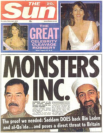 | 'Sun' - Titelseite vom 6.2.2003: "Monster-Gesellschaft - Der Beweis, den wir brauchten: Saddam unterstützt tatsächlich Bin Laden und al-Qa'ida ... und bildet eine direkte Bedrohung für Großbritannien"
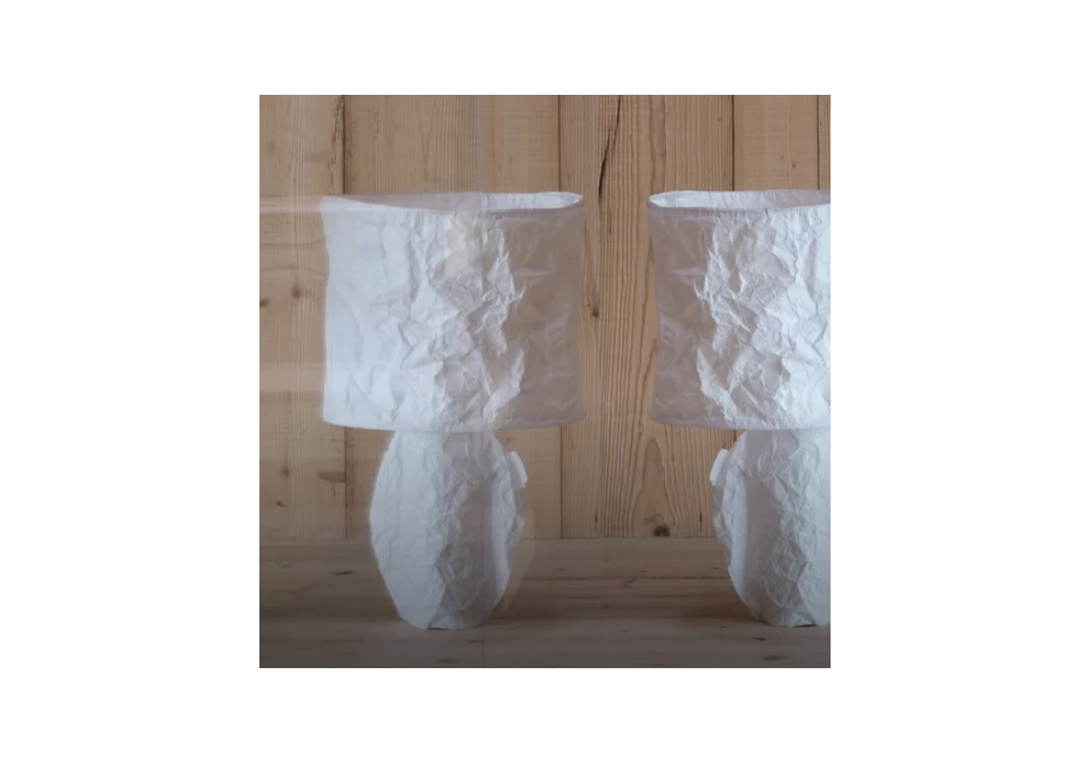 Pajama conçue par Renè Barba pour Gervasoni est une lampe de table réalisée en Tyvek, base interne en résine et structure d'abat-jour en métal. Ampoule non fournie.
--
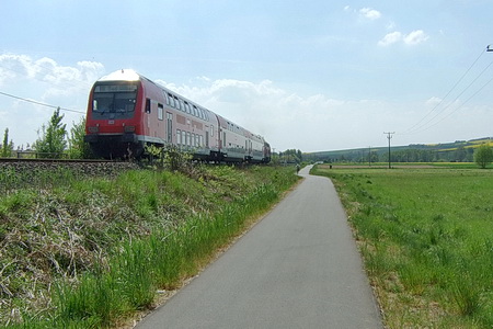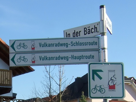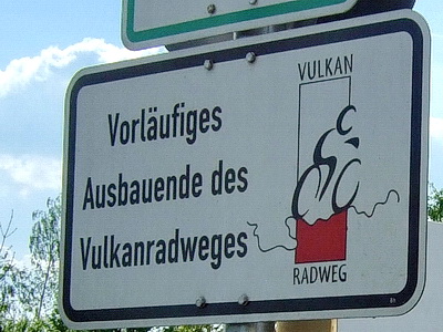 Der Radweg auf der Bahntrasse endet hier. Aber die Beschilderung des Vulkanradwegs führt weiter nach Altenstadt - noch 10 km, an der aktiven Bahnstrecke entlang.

Directions for this task:
Write out word for word the lines above that run from the one with "- Titelseite vom" to the one with "Pajama conçue par". Include both end lines; exclude the images.

Your response:
 | 'Sun' - Titelseite vom 6.2.2003: "Monster-Gesellschaft - Der Beweis, den wir brauchten: Saddam unterstützt tatsächlich Bin Laden und al-Qa'ida ... und bildet eine direkte Bedrohung für Großbritannien"
 Pajama conçue par Renè Barba pour Gervasoni est une lampe de table réalisée en Tyvek, base interne en résine et structure d'abat-jour en métal. Ampoule non fournie.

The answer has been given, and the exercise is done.